Но эти слова о благоразумии и против насилия выходили у Любы так фальшиво, что она, будто сама поняв это, вдруг оборвала свою речь и совсем другим тоном спросила:

— Что же в самом деле ты будешь делать?

— Вот я и не знаю.

— Предупредить полицию.

— Нет, полицию сюда никак нельзя путать.

— Да, да, я и забыла, что у Родиона Павловича у самого рыльце в пушку. Ну что же тогда? Пойти к Лосеву, отговорить его, хотя стоило бы наказать его хорошенько.

— Его не отговоришь, пожалуй. Он идеалист, следовательно, упрямец и потом — слепой человек.

— Гадость какая!

— Да. Но что же делать-то?

— Я бы на твоем месте, — начала Люба, прищурив глаза, — сама пошла туда.

— Куда? — почему-то шепотом спросил Павел… Наступали уже глубокие сумерки, но огня они не зажигали, и только как-то по памяти Павел догадывался, как изменяется Любино лицо.

— Ну, туда, на этот угол.

— Да.

— Оставила бы Родиона Павловича с Верейской, а сама пошла бы, ждала бы и… тут и жертва, и наказание, и вот какой вопль к небу!

Люба замолкла, молчал и Павел. Ему казалось, что девушка закрыла глаза, побледнела и продолжает улыбаться.

— Зажги огонь, Павел, темно. Сейчас придет отец. Я устала сегодня и говорила вздор. Ты меня не слушай.

Павел повернул кнопку.

— Я пойду. Спасибо, Люба.

Люба, прощаясь, крепко поцеловала Павла в лоб, придерживая руками за обе щеки.

— А знаете, Люба, ведь Коля убил о. Алексея совсем не потому, почему вы думаете, а просто хотел его обворовать.

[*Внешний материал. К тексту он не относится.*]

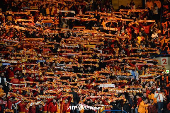 갈라타사라이 팬들이 팀의 8강 진출을 염원하며 응원을 펼치고 있다.
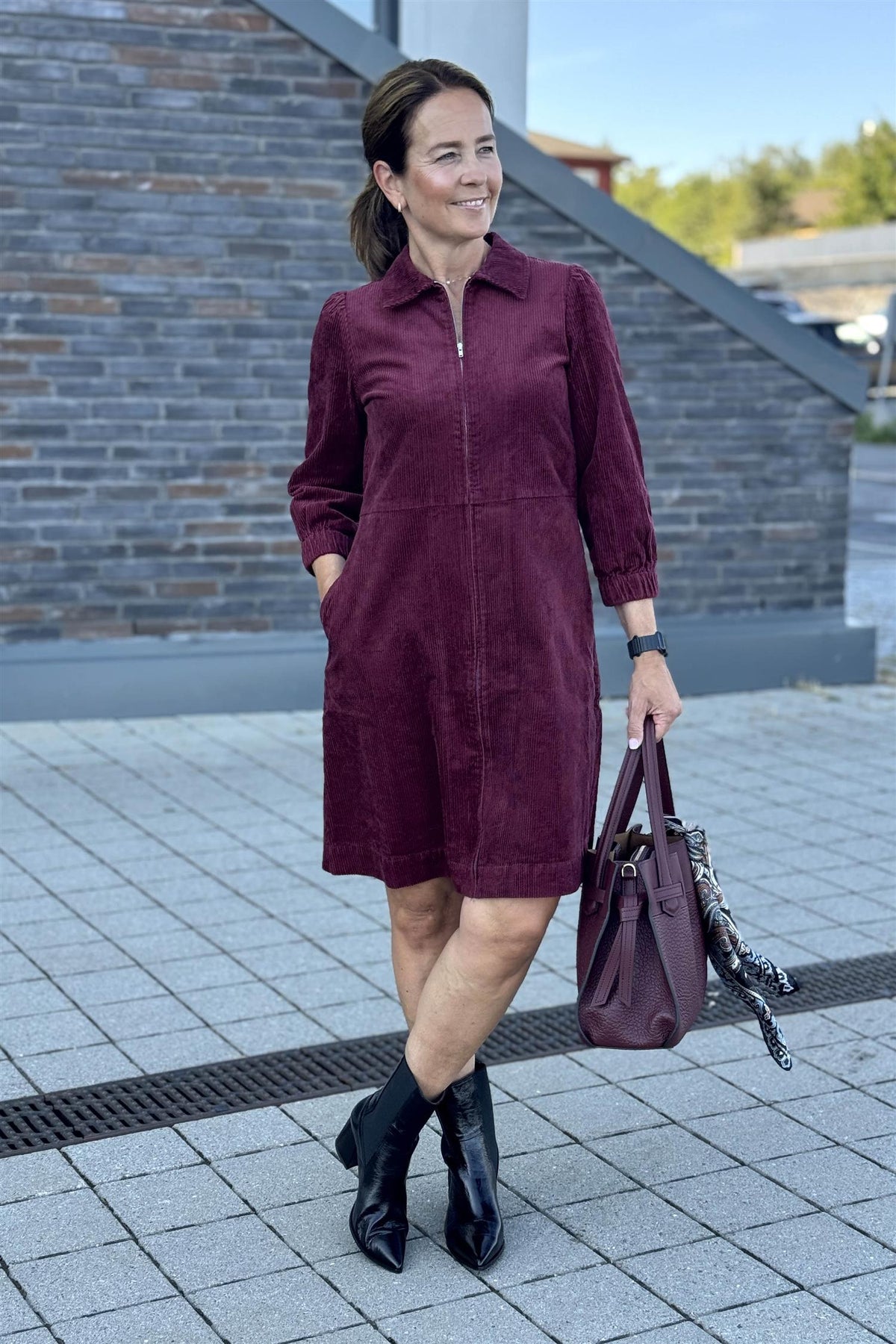 Eyvors er en litt lengere utgave av den populære Eyvor kjolen fra Part Two. Fint snitt som smalner inn i livet, og skjørt som faller fint. Kjolen har krage, glidelås helt ned, stikklommer i siden, og lengden rett over kne. Den er vanlig til litt god i str. Noen velger å gå ned en str.
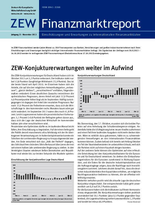 ZEW-Finanzmarktreport // 2013- ZEW-Konjukturerwartungen weiter im Aufwind
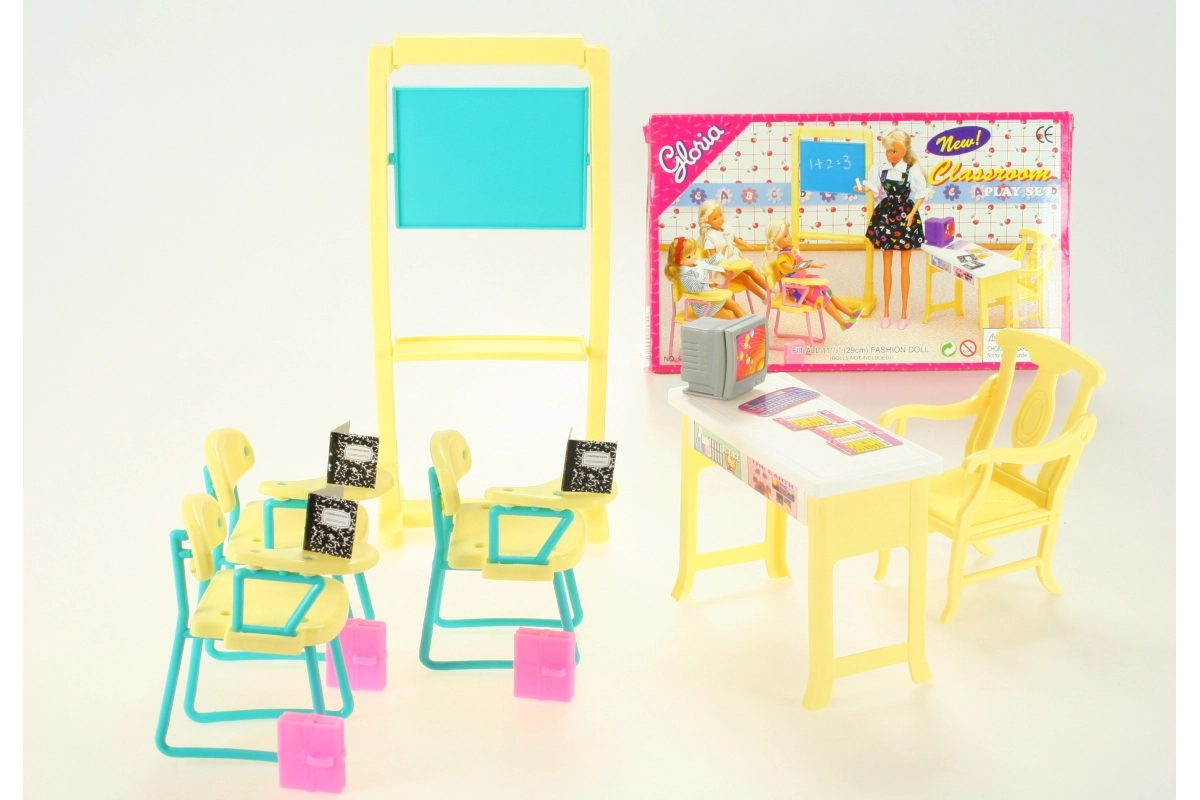 Med Glorie skoleklasse kan ethvert børneværelse forvandles til et lille klasselokale. Børn kan lege både lærer og elever, skrive på tavlen, rette tests og forberede sig til skolen. Det omfattende tilbehør sikrer timevis af sjov og styrker sociale færdigheder.

Люба посмотрела на говорившего, потом покраснела и молвила гневно:

— Ну, это ты брось!

Глава десятая

Ольга Семеновна, разумеется, не предполагала всех причин, почему Павел просит ее прийти к ним именно в пятницу, но смутно догадывалась, что у Миусовых произошло или должно произойти что-то важное. Потому она несколько удивилась, встретив Родиона Павловича, правда, не очень веселым, но сравнительно спокойным, как будто ничего особенного не случилось. Верейская не особенно часто бывала на квартире у Родиона, предпочитая свои апартаменты на Караванной, которые и Миусову больше нравились, нежели нежилые комнаты покойной матери. Собственно говоря, неизвестно, почему Павел так настаивал, чтобы Ольга Семеновна приехала именно к ним, как будто она не могла с таким же успехом задержать Родиона Павловича и в другом месте.